- Active: August 1861 to October 31, 1864
- Country: United States
- Allegiance: Union
- Branch: Infantry
- Engagements: Siege of Corinth Battle of Iuka Second Battle of Corinth Yazoo Pass Expedition Battle of Port Gibson Battle of Raymond Battle of Champion Hill Siege of Vicksburg, May 19 & May 22 assaults Chattanooga campaign Battle of Missionary Ridge

= 10th Missouri Infantry Regiment (Union) =

The 10th Missouri Infantry Regiment was an infantry regiment that served in the Union Army during the American Civil War.

==Service==
The 10th Missouri Infantry Regiment was organized at St. Louis, Missouri in August 1861 and mustered in for three years service.
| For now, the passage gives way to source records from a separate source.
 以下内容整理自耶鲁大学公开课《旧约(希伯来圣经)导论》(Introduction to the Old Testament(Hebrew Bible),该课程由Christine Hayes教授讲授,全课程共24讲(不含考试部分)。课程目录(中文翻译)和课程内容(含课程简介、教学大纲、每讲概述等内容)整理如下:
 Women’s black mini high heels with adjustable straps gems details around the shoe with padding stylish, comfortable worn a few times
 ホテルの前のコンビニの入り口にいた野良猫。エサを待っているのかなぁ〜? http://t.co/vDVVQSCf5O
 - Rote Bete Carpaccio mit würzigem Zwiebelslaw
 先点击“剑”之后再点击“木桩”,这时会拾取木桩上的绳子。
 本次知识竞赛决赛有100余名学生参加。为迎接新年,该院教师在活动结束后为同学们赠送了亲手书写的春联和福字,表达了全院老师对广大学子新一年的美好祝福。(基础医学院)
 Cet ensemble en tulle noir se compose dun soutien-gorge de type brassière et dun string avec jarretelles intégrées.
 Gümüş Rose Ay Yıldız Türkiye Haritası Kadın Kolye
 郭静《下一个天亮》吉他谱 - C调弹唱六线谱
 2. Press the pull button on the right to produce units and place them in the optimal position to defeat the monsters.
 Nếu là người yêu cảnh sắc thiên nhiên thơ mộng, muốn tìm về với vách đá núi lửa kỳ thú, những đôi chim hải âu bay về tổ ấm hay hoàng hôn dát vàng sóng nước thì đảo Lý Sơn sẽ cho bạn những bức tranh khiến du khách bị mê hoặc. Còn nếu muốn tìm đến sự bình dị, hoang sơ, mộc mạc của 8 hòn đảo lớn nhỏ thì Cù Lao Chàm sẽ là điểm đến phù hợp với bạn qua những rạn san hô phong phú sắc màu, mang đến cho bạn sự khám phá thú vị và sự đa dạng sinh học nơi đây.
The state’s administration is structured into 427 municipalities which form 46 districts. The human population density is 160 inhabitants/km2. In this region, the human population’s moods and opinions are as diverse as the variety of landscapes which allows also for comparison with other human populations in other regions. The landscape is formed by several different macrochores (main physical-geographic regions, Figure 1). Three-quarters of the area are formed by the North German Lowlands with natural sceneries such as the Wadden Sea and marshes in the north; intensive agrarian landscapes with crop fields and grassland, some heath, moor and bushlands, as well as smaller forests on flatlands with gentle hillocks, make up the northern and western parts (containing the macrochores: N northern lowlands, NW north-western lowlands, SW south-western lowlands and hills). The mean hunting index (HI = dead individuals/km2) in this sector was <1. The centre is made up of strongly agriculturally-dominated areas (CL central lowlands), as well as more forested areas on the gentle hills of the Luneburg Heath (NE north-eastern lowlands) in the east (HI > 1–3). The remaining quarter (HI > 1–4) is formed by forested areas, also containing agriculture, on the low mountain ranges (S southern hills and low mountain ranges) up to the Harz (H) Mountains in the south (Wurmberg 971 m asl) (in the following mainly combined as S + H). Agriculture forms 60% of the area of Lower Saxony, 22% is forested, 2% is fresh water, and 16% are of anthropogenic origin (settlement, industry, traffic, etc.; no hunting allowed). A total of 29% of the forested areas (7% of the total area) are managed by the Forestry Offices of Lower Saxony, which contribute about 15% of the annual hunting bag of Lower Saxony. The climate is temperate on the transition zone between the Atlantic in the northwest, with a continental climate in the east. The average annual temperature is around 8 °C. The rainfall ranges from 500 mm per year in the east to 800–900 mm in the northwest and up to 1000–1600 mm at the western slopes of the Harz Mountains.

The regiment was attached to the Department of the Missouri to May 1862. 2nd Brigade, 3rd Division, Army of the Mississippi, to November 1862. 2nd Brigade, 7th Division, Left Wing, XIII Corps, Department of the Tennessee, to December 1862. 2nd Brigade, 7th Division, XVI Corps, to January 1863. 2nd Brigade, 7th Division, XVII Corps, to September 1863. 2nd Brigade, 2nd Division, XVII Corps, to December 1863. 2nd Brigade, 3rd Division, XV Corps, to October 1864.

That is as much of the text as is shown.